Lamentably but predictably, Israel is central to this crisis, chiefly in the shape of attitudes to Zionism. The State of Israel is an obsession of today’s university, a linchpin around which an extraordinary volume of discourse, pedagogy, and politics revolves.

This essay sets out the intellectual developments that underpin the current discourse on Israel and goes on to suggest solutions. Most of these solutions are designed for Jews on campus. But we need to work to change non-Jewish minds, too. After all, some of these students will in 20 years be shaping foreign and domestic policy, some will be rising to the top of our now-woke corporations — and the rest will probably be voting. Allowing wave after wave of unreflectingly anti-Zionist students out into American society only aggravates a situation that gets worse for Israel with each commencement.

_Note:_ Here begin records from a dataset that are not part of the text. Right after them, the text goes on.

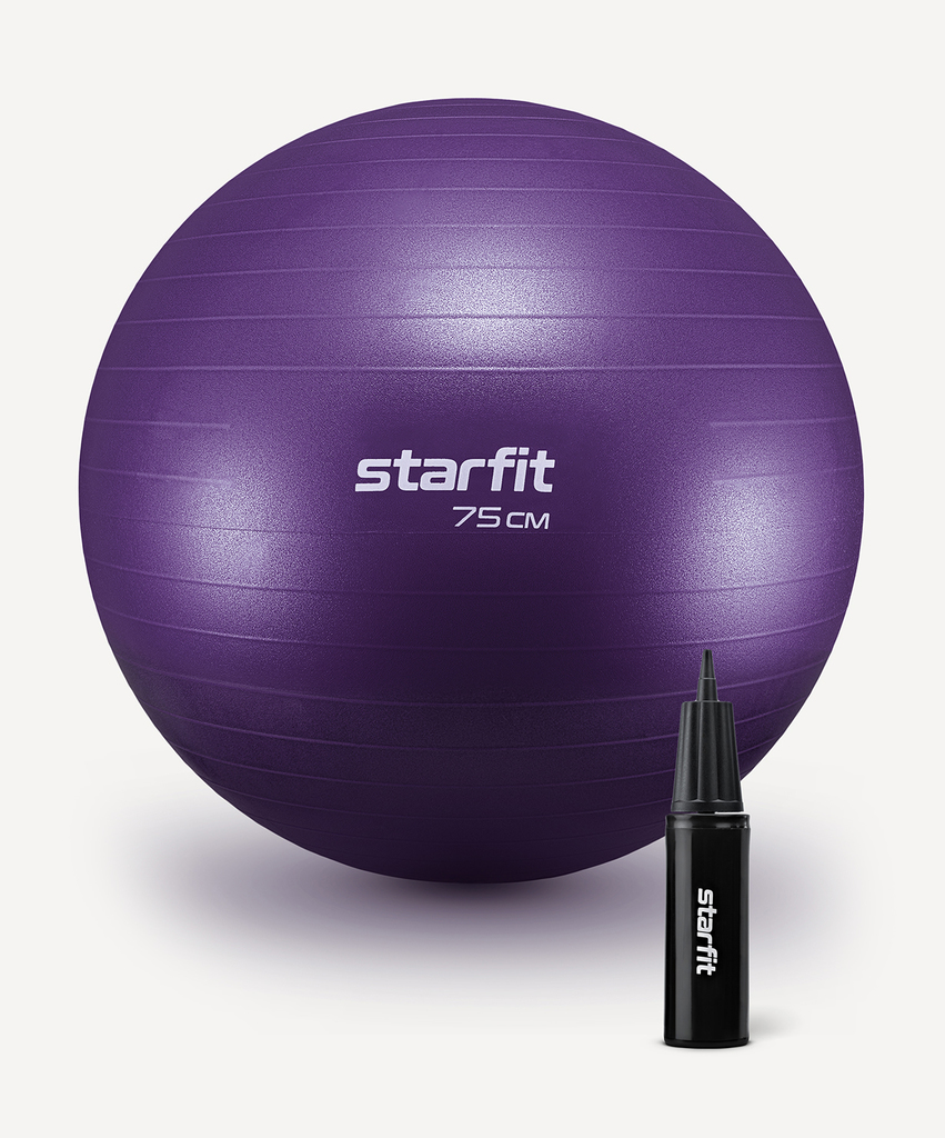 БЕЗ УПАКОВКИ Фитбол STARFIT GB-109 антивзрыв, 1200 гр, с ручным насосом, фиолетовый, 75 смВопросы по товару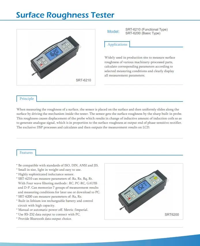 При измерении шероховатости поверхности датчик помещается на поверхность, а затем равномерно скользит по поверхности, управляя механизмом внутри тестера. Датчик получает шероховатость поверхности острым встроенным зондом. Эта шероховатость вызывает смещение зонда, что приводит к изменению индуктивного количества индукционных катушек, чтобы генерировать аналоговый сигнал, пропорционально шероховатости поверхности на выходе из фазочувствительного выпрямителя. Эксклюзивный DSP обрабатывает и рассчитывает, а затем выводит результаты измерений на ЖК-дисплее.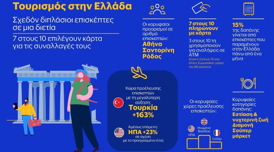 Σύμφωνα με την ανάλυση, ο τουρισμός στην Ελλάδα παρουσίασε ισχυρή ανάκαμψη μετά την πανδημία, σημειώνοντας αύξηση 97% σε σύγκριση με το 2021. Βάσει του μνημονίου συνεργασίας που υπεγράφη ανάμεσα στη Visa και στην Ελληνική Κυβέρνηση τον Μάρτιο του 2022, η Visa παρέχει στο Υπουργείο Τουρισμού συγκεντρωτικά δεδομένα με στόχο να διευκολύνει την κατανόηση των τάσεων στον τουρισμό και τη λήψη εμπεριστατωμένων αποφάσεων για την προσέλκυση περισσότερων και καλύτερα στοχευμένων επισκεπτών αλλά και την παροχή σε αυτούς καλύτερων εμπειριών.

As it happens, changing non-Jewish minds is important for these students themselves, too. The incessant anti-Israel rhetoric is in many ways just the front line of the larger assault on critical thinking that has taken hold in our universities. Every student exposed to the idea that there is another way of looking at Israel is being given a gift — an opportunity to exercise and strengthen his or her mental faculties.


Tendentious discourse about Israel has been a part of the American university since the late 1960s and early 1970s — sometimes overtly, sometimes beneath the surface — but never absent. Several intellectual factors govern this discourse — most prominently, post-colonialism, postmodernism, and post-nationalism. There’s nothing a priori wrong with examining the world through any of these lenses. But when one is used not as an experimental way of looking but imposed as the primary or only lens through which a topic is refracted — and when, further, one is instructed in advance as to what one will see when one looks through the lens — then critical thinking is short-circuited, and the neural wiring is weakened.

To understand post-colonialism and how it concerns Israel, we must consult Edward Said’s 1978 book, Orientalism, which maintains that Westerners cannot understand, explain, or even usefully study the East. As Said’s ideas have come down to us today, only members of an indigenous ethnicity can understand their own condition — only they, that is, possess the authentic “lived experience” to speak with authority. As a practical matter, this means that the post-colonialist thinker lauds all things indigenous while dehumanizing the West.

In this post-colonial narrative, Israel is a wealthy, powerful, and foreign — colonialist — enterprise implanted in the middle of a poor, oppressed, weak native society. Nineteen hundred years of Jewish history are ignored, as are any complicating factors in the Arab past or present.

Post-colonialist discourse also bleeds into post-nationalism, which blames the nation-state for all the ills in the world and celebrates an ill-defined internationalism and indigenous self-governance (ironically, in the form of nationalism). In this context, Israel is doubly anachronistic as a Jewish (i.e., non-indigenous) nation-state and ought to terminate its identity or suffer its own termination as a moral imperative, in order to become a “state of all its citizens” (another unacknowledged irony). This includes not merely Israeli Arabs — who are already citizens — but all the Palestinians in the West Bank and Gaza, too. No other nation-state is subject to this kind of demand, but that doesn’t trouble the critics: To point out any inconsistencies in their critique is, they say, to engage in “whataboutism,” another tool of the oppressor.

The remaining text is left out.